Endless War. A Visit with the Taliban in Afghanistan

More than 17 years after the U.S.-led invasion of Afghanistan, the country is still at war. The Afghan army is weak, a resurgent Taliban is mounting fresh attacks and new peace negotiations do not include Kabul. Peace remains a distant goal.

By Fritz Schaap and Sergio Ramazzotti (Photos)


Herat area, members of the Taliban belonging to the Mullah Niazi group in the territory they control, inside the Mullah’s stronghold

January 29, 2019 12:20 PM

Mullah Niazi sits on top of his mountain and waits — waits for news from his commanders, waits for his fighters and waits for victory. He’s been living up here in his mountaintop fortress — where the shacks are as brown as the mountain and where no motorcycle, car or tank can travel — for two-and-a-half years. He is waiting for God’s rule to once again take hold on the streets of Afghanistan’s, just like when he was a spokesman for Taliban founder, Mullah Omar. His patience seems to be paying off.


Slowly, Niazi’s fighters, who are taking us to him, ascend the final slope. The air is still damp and cold from the night before, and it smells like the scree that is dislodged by our every step. The only sound is the fighters’ heavy breathing and the metallic clink of ammunition belts against their machine guns.

Apart from our group, silence envelops these mountains southeast of Herat, a range known locally as Haft-Darband. It is where Mullah Niazi is lying in wait to reclaim what the Americans took from the Taliban: control over Afghanistan. Things haven’t looked this good for the Islamic fundamentalist movement for 17 years.

Surrounded by his heavily armed men, a smiling Niazi is standing at the entrance to his fortress. He is wearing a black vest over his shalwar kameez along with a black turban. His long, gray beard is forked. “The Americans,” he says, “are no longer an enemy. They are pulling out. They have lost.”

War has been a constant in Afghanistan for the last 41 years, but recently it has become bloodier than it has been in a long time. The Taliban are on the advance, with just 55 percent of the districts in the country currently under the control of the government, according to a U.S. report. The U.S. military dropped more bombs in 2018 than in the 10 previous years and the big cities have seen repeated attacks.

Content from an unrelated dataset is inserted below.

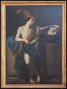 XVIIe représentant David contemplant la tête de Goliath d'après Guido Reni. |
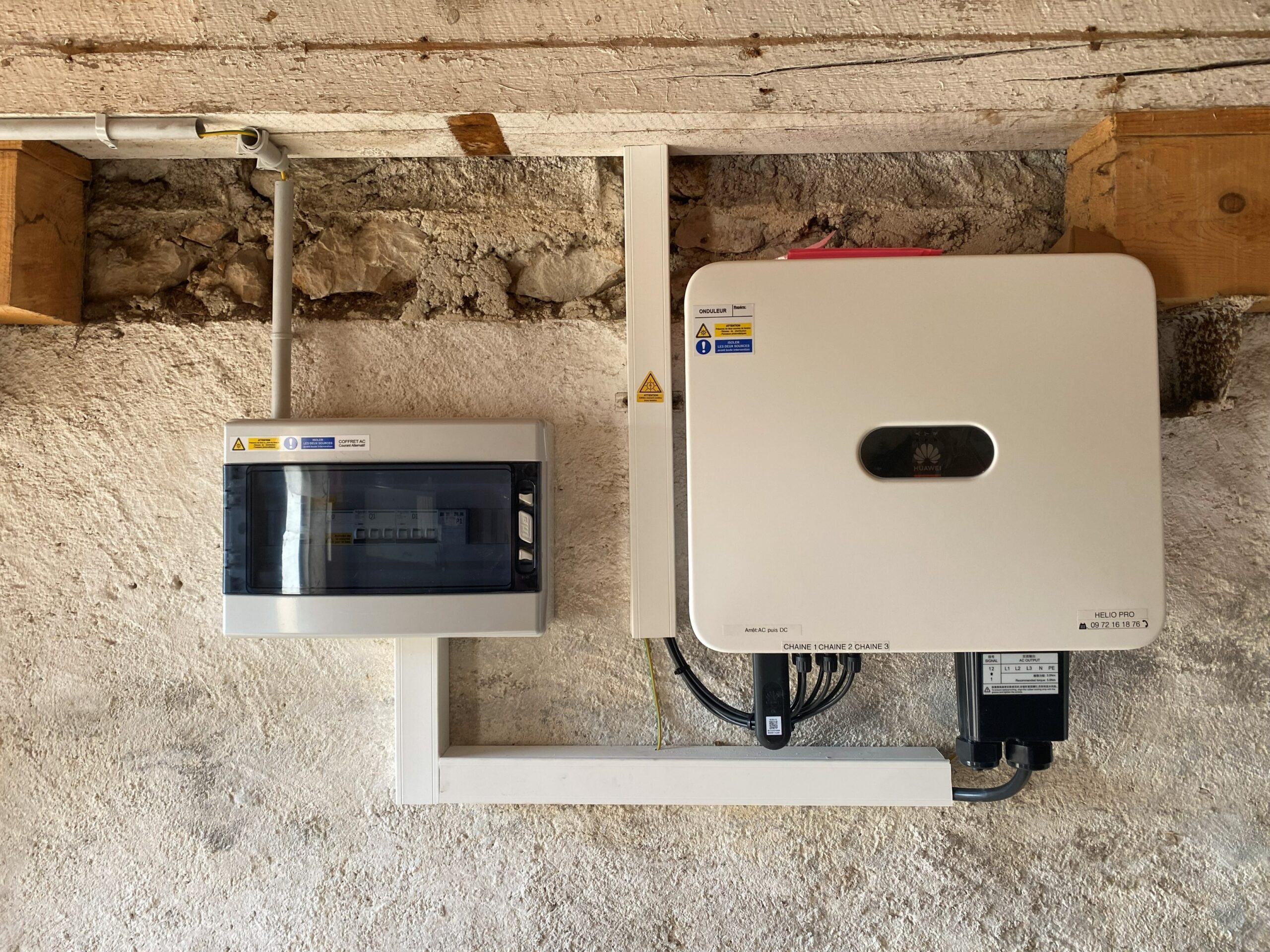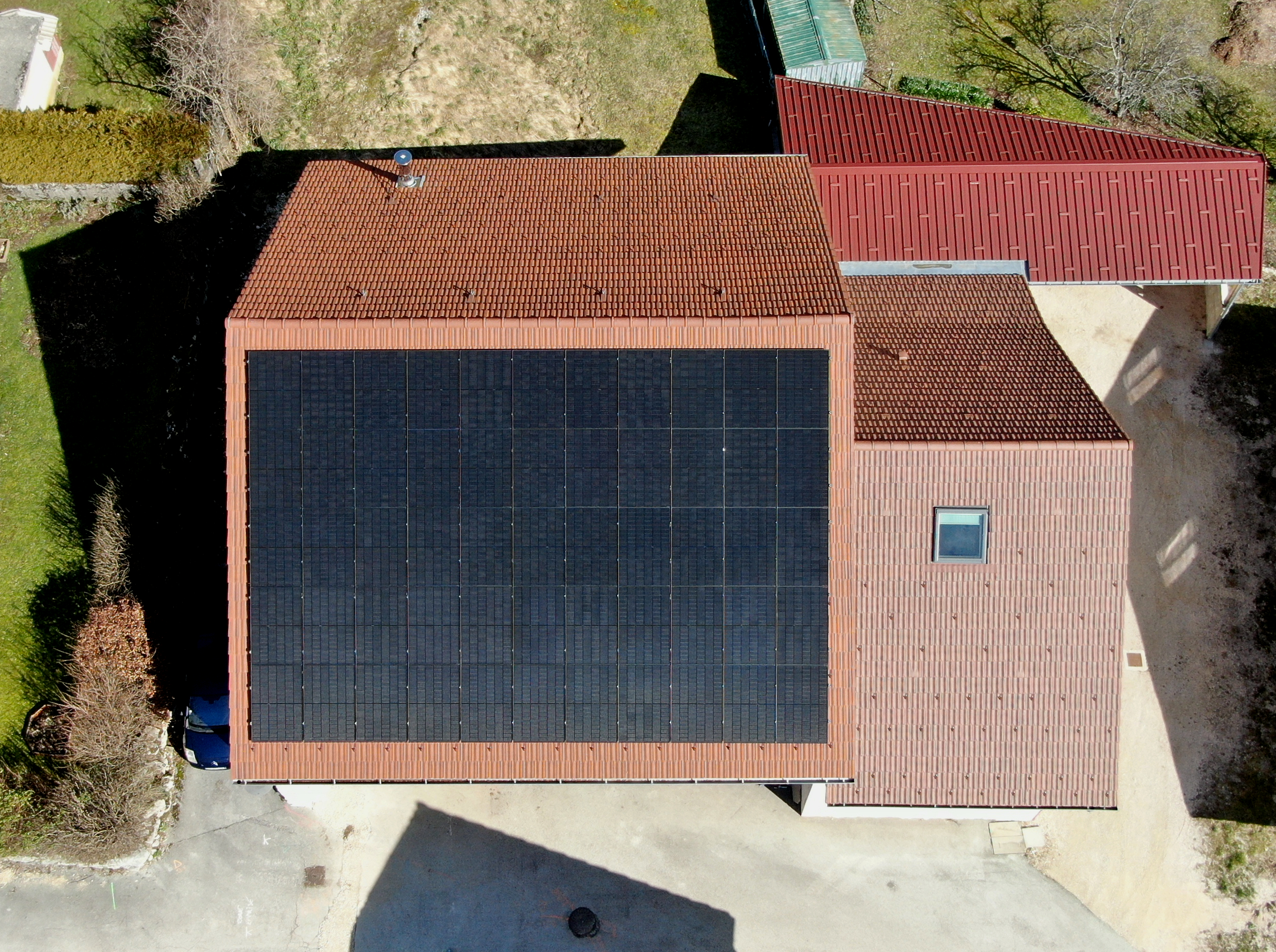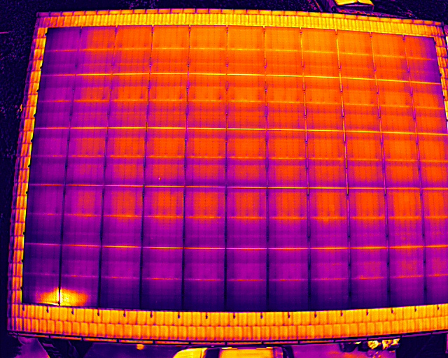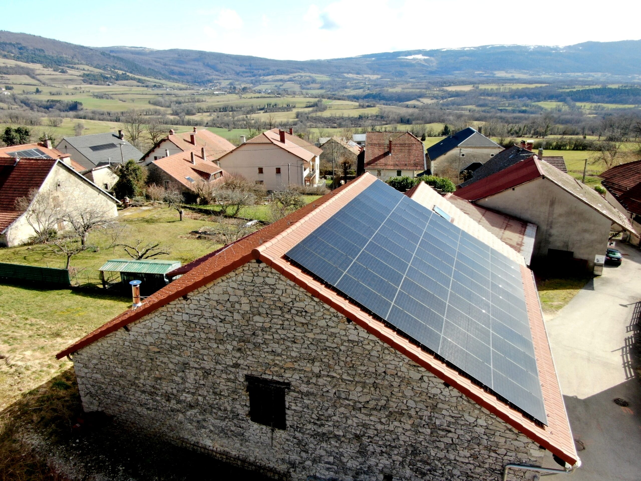 Nous avons mené ce premier projet avec le collectif citoyen centrale villageoise NEC Bugey (Nouvelles Energies Citoyennes) sur le toit d’un centre technique municipal. Lors de la mise en service, nos autocontrôles ont montrés un doute sur un défaut de fabrication d’un module. A l’aide d’un drone thermographique, le doute est levé, tous les modules fonctionnement parfaitement .

More than 45,000 Afghan soldiers and policemen have died since 2014, according to President Ashraf Ghani and the United Nations announced in October that the first nine months of 2018 saw 8,050 dead or injured civilians. Just last week, a suicide attack by the Taliban at a base belonging to Afghanistan’s intelligence agency in the province of Wardak may have left more than 100 people dead.

Framework Peace Deal
The Taliban or other warlords are in charge of many of Afghanistan’s 34 provinces while in Kabul, warlords or their sons sit in parliament. The political landscape cleaves along ethnic lines. Poppy cultivation is booming. The Afghan army is vulnerable. And now, even a former warlord has set his sights on the presidency: Gulbuddin Hekmatyar, whose militia besieged Kabul and killed thousands during the Afghan civil war, announced his candidacy for the July election a few days ago.

The U.S. has been pushing the Afghan government towards a peace process for months, including December plans to withdraw up to 7,000 troops. Then, on Monday, American and Taliban officials seem to have agreed in principle to the framework of a peace deal, according to which the Taliban would guarantee that Afghan territory would not be used as a base for terrorists. This could lead to a complete pullout of American troops, if the Taliban also agree to a ceasefire and to talks with the Afghan government. The Taliban have not yet formally agreed to these steps, though.

Still, prospects for real peace are limited. President Ghani presented an updated peace plan in November in which he outlined several conditions. First, the Taliban must agree to be part of a democratic society. Second, it must respect the country’s constitution. Third, it must observe women’s rights.